This conference paper was submitted for presentation at the NAFEMS World Congress 2025, held in Salzburg, Austria from May 19–22, 2025.

Abstract

Road safety has increased steadily in recent decades. This is particularly evident from the number of serious accidents involving fatalities and injuries with long-term consequences. Nevertheless, further efforts must be made to achieve the ambitious goals of the EU's "Vision Zero" road safety initiative. The EU project SALIENT is intended to make an important contribution to the implementation of this initiative, particularly by considering the aspect of front-dominated crash load cases of vehicles of different classes (compatibility).
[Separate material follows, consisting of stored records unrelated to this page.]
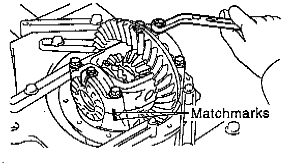 c. Remove the ring gear 10 set bolts and 5 lock plates.
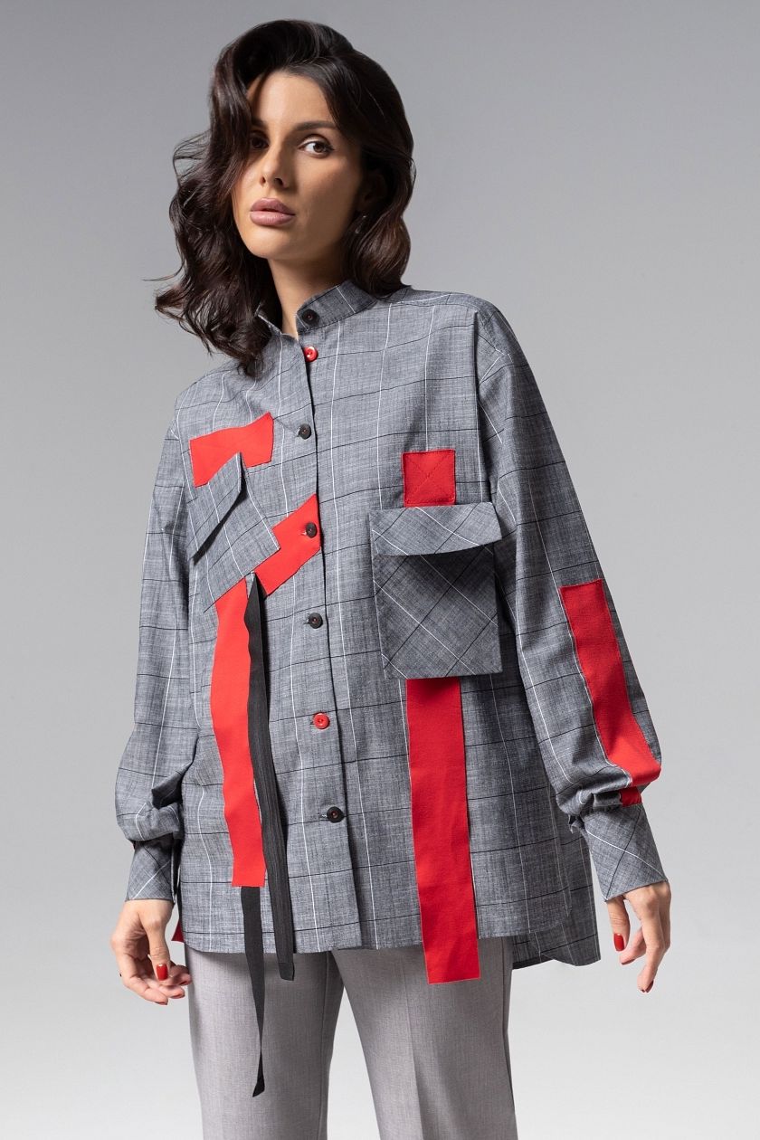 Рубашка серая дизайнерская в клетку
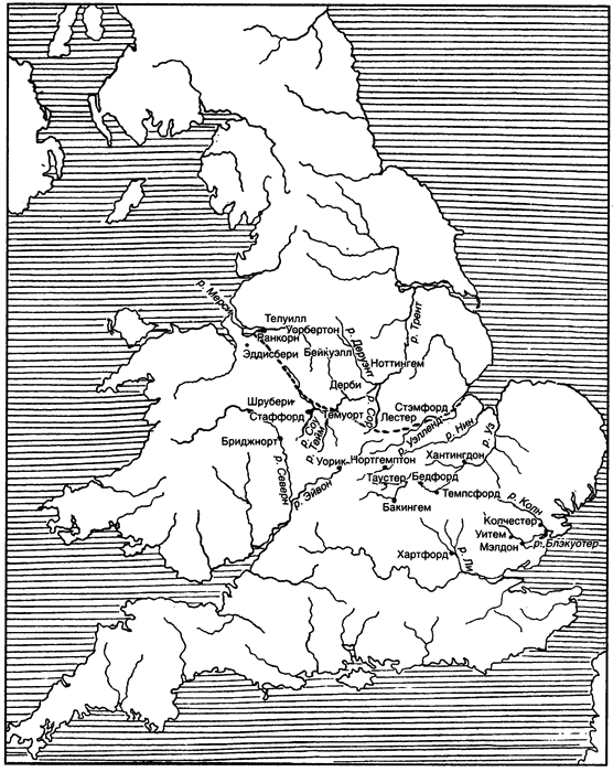 и, следовательно, что слово «бург» соответствовало более позднему понятию «замок». Неудивительно, что на всех пяти известных в настоящее время участках, где бург располагался на обоих берегах реки, впоследствии были воздвигнуты нормандские замки. Иначе дело обстоит с земляными укреплениями в Хартфорде и Бедфорде, а также с замками в Бакингеме и Стэмфорде, о которых сохранились сведения. Все они принадлежали частным лицам и представляли собой части оборонительной системы бургов, однако отличались друг от друга. Крепость Вильгельма Завоевателя в Ноттингеме претерпела значительные изменения, прежде чем предстать в ее нынешнем виде. Возведенная на холме из песчаника, она находится выше северного бурга, где король Эдуард собрал и англичан, и датчан с целью организовать совместную оборону .

In SALIENT various concepts for the redesign of front-end structures using innovative materials and manufacturing technologies are developed to increase crash safety while simultaneously reducing the weight of the components. In addition to a passive basic concept, innovative approaches based on active components are also being investigated. By means of ADAS sensors, the opposing vehicle can be identified according to certain vehicle classes such as small cars, trucks or SUVs. Furthermore, information is available about the opposing vehicle and the anticipated crash situation, such as velocity, impact angle and crash overlap. Based on these data, the stiffness of the load paths can then be specifically adapted to reduce the severity of the accident. One of these concepts is based on a fiber-reinforced crash box with embedded shape memory alloy (SMA) layer, which allows a stiffening of the crash box when activated. In this paper, this approach as well as the passive baseline concept are presented, virtually analyzed and evaluated for their effectiveness in several scenarios. In the first step the concepts are extensively validated at component level, supported by experimental data and finite element (FE) models. The understanding and verification of this behavior at component level provides the basis for the development of assessment methodologies at full vehicle level, which can only be investigated virtually due to their high costs. Alongside standard Euro NCAP crash load cases (FWRB, MPDB), additional scenarios are also considered that will become relevant in a future mixed traffic with autonomous and non-autonomous vehicles. The findings highlight the potential benefits of integrating advanced active systems into future front-end structure designs.